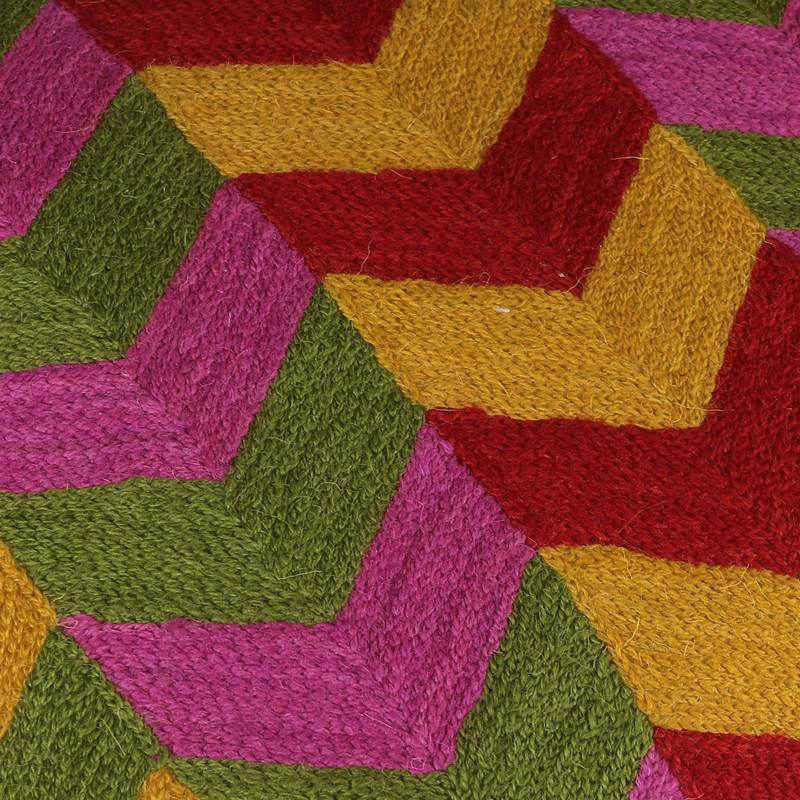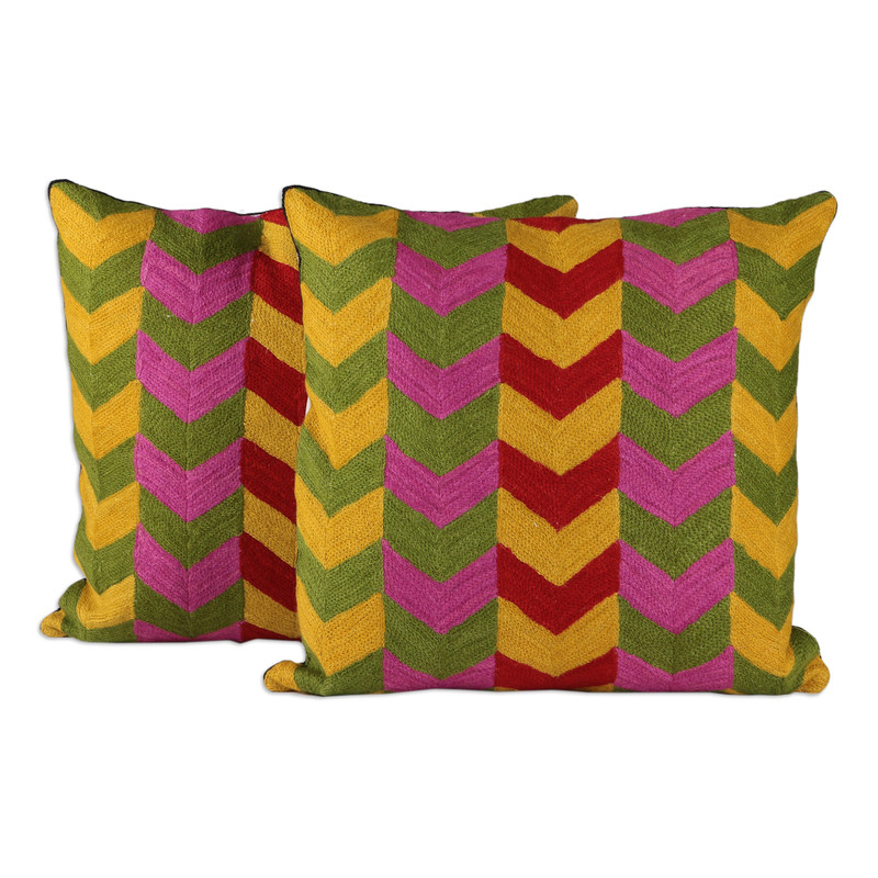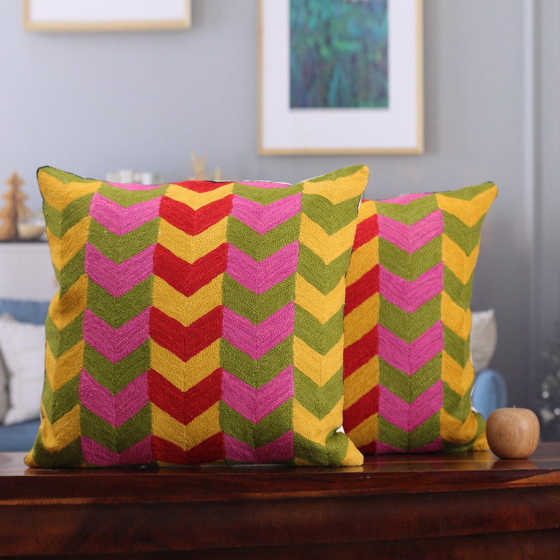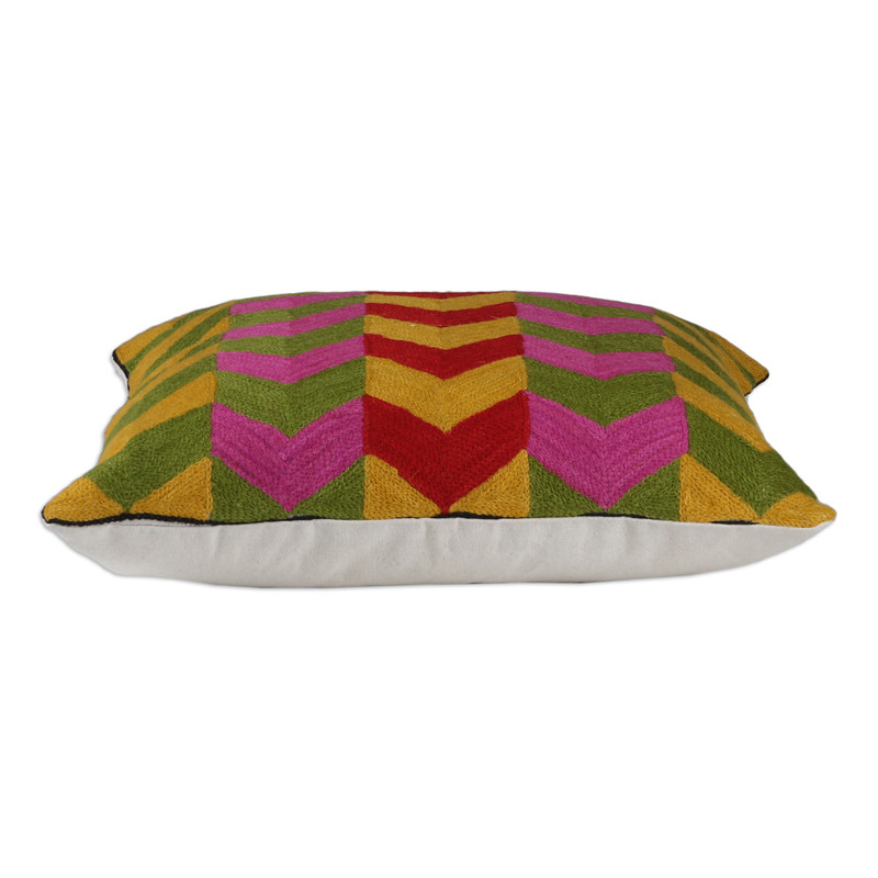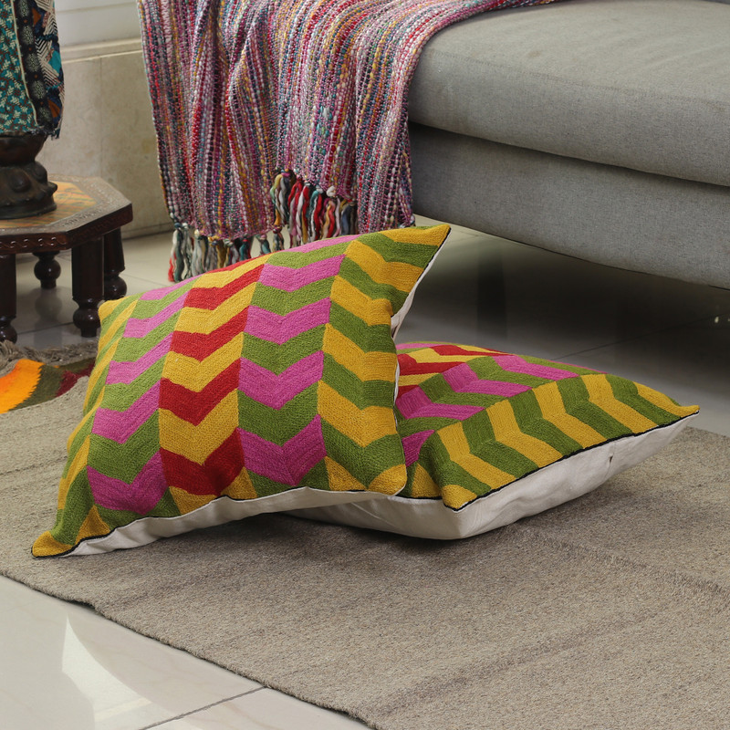 Inspired by the minimalist chevron pattern, this pair of cotton cushion covers by India's Saqib Khan is here to add a bold and vibrant touch to your spaces. Intense green, pink, red and yellow hues unite in geometric details, crafted from embroidery techniques and acrylic yarns.
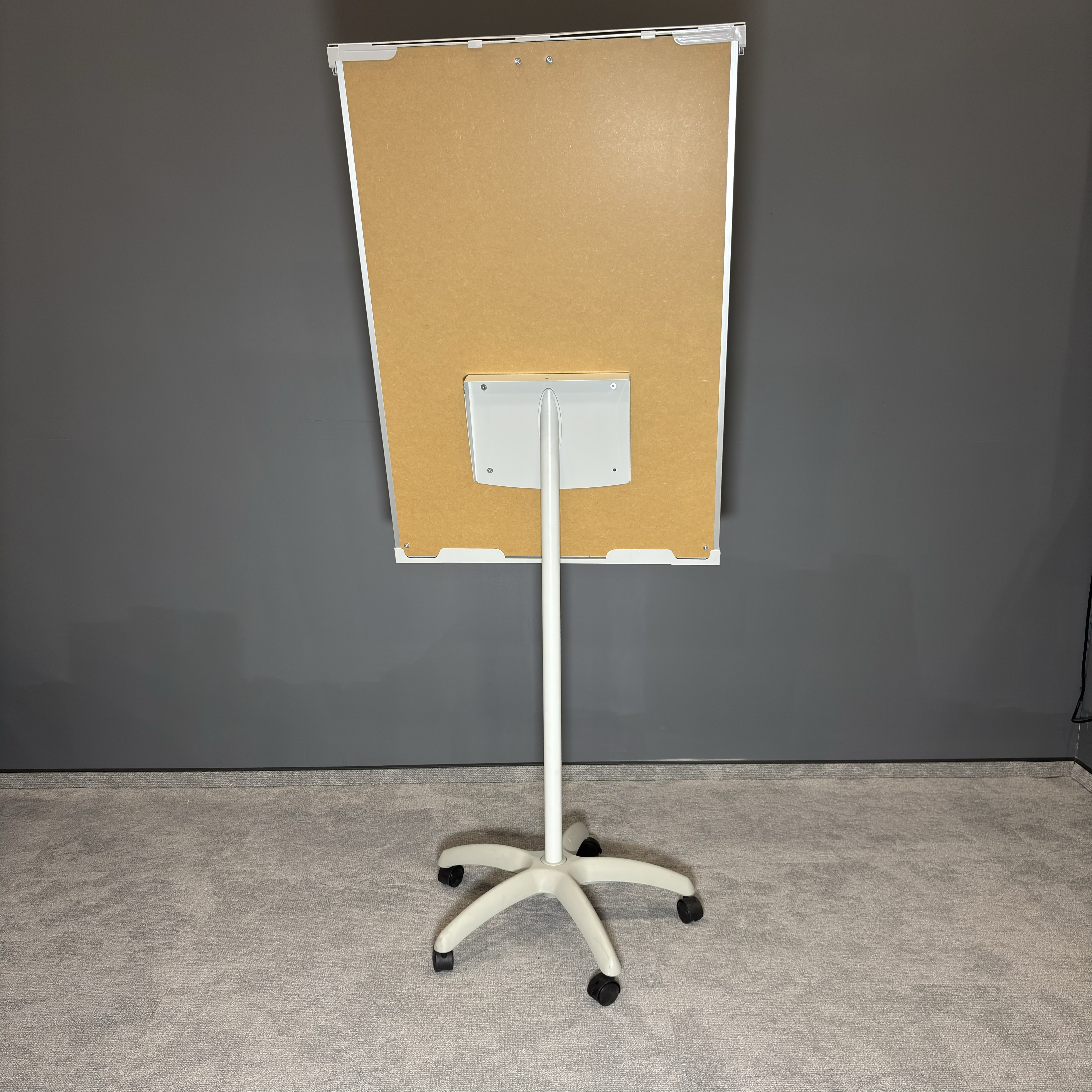 Prosta, funkcjonalna forma oraz neutralna kolorystyka sprawiają, że flipchart dobrze wpisuje się w różne aranżacje biurowe i edukacyjne.
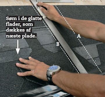 Nu skal den første shinglesplade lægges op. Fodpladen har du lagt efter den ene kridtstreg (A), så nu skal du lægge din shingles efter den anden (B). Den nederste kant skal flugte fodblikket.
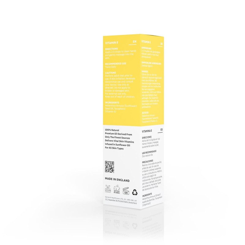 - Versatile for All Skin Types: Suitable for all skin types, our Vitamin E Oil works harmoniously to nourish and balance the skin's moisture levels. Use it as a standalone moisturizer or as an addition to your skincare routine for extra hydration.
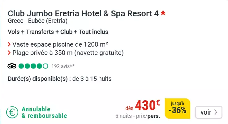Réservez vite votre prochain séjour en Grèce et profitez de vacances all inclusive sur l'île d'Eubée ! Réservez dès maintenant ! Plusieurs offres intéressantes sont encore disponibles !
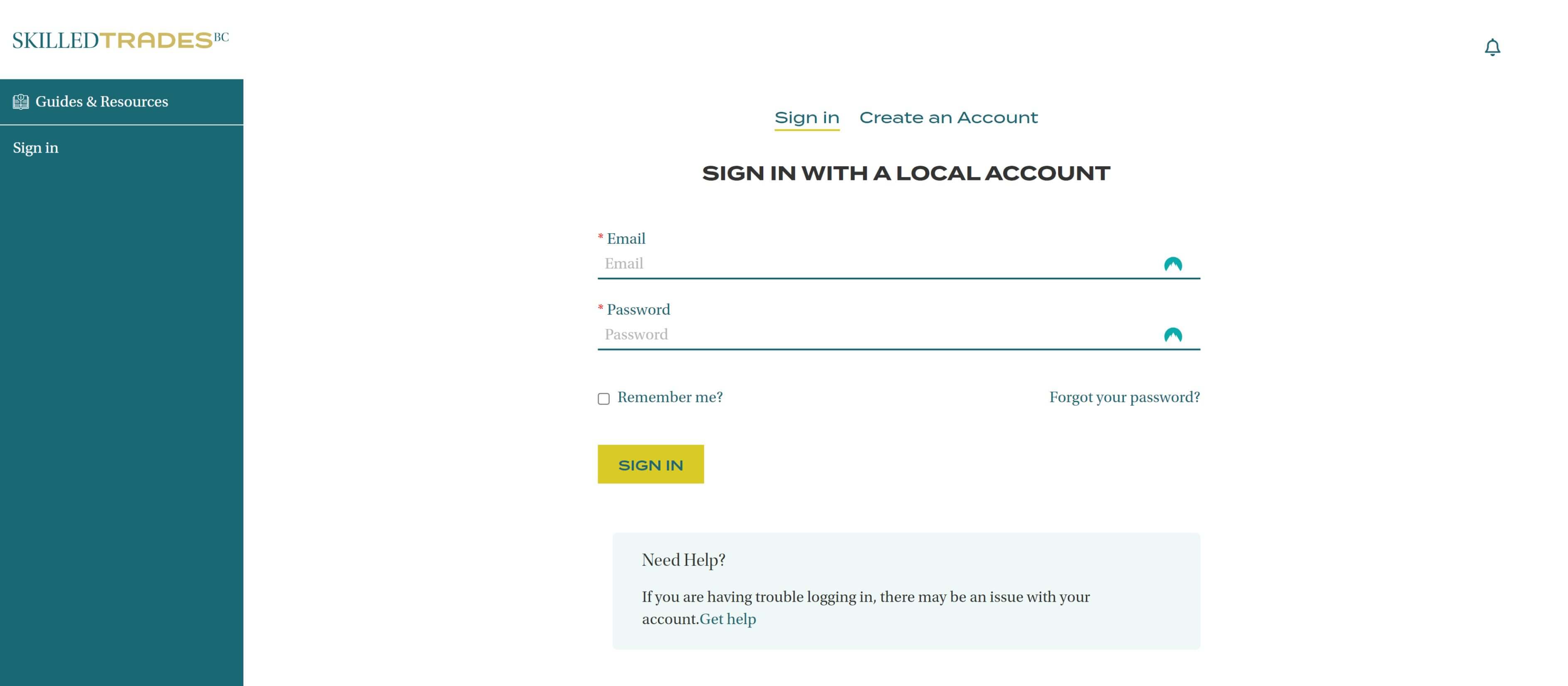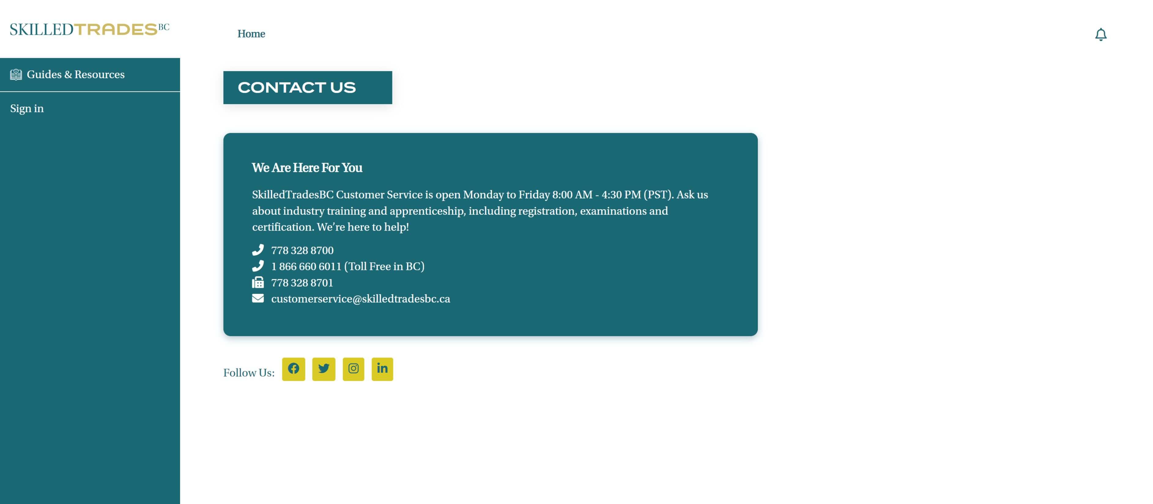 You DO NOT need to have an account with us to view our Customer Service contact information. On the SkilledTradesBC Portal Sign In page, click onto Contact Us at the bottom of the page. If you have an account with us, you can find the Contact Us button at the bottom of all pages.

- What to do -
Write out again every line above exactly as given; the pictures do not belong in the copy.

- Exercise response -
 Inspired by the minimalist chevron pattern, this pair of cotton cushion covers by India's Saqib Khan is here to add a bold and vibrant touch to your spaces. Intense green, pink, red and yellow hues unite in geometric details, crafted from embroidery techniques and acrylic yarns.
 Prosta, funkcjonalna forma oraz neutralna kolorystyka sprawiają, że flipchart dobrze wpisuje się w różne aranżacje biurowe i edukacyjne.
 Nu skal den første shinglesplade lægges op. Fodpladen har du lagt efter den ene kridtstreg (A), så nu skal du lægge din shingles efter den anden (B). Den nederste kant skal flugte fodblikket.
 - Versatile for All Skin Types: Suitable for all skin types, our Vitamin E Oil works harmoniously to nourish and balance the skin's moisture levels. Use it as a standalone moisturizer or as an addition to your skincare routine for extra hydration.
Réservez vite votre prochain séjour en Grèce et profitez de vacances all inclusive sur l'île d'Eubée ! Réservez dès maintenant ! Plusieurs offres intéressantes sont encore disponibles !
 You DO NOT need to have an account with us to view our Customer Service contact information. On the SkilledTradesBC Portal Sign In page, click onto Contact Us at the bottom of the page. If you have an account with us, you can find the Contact Us button at the bottom of all pages.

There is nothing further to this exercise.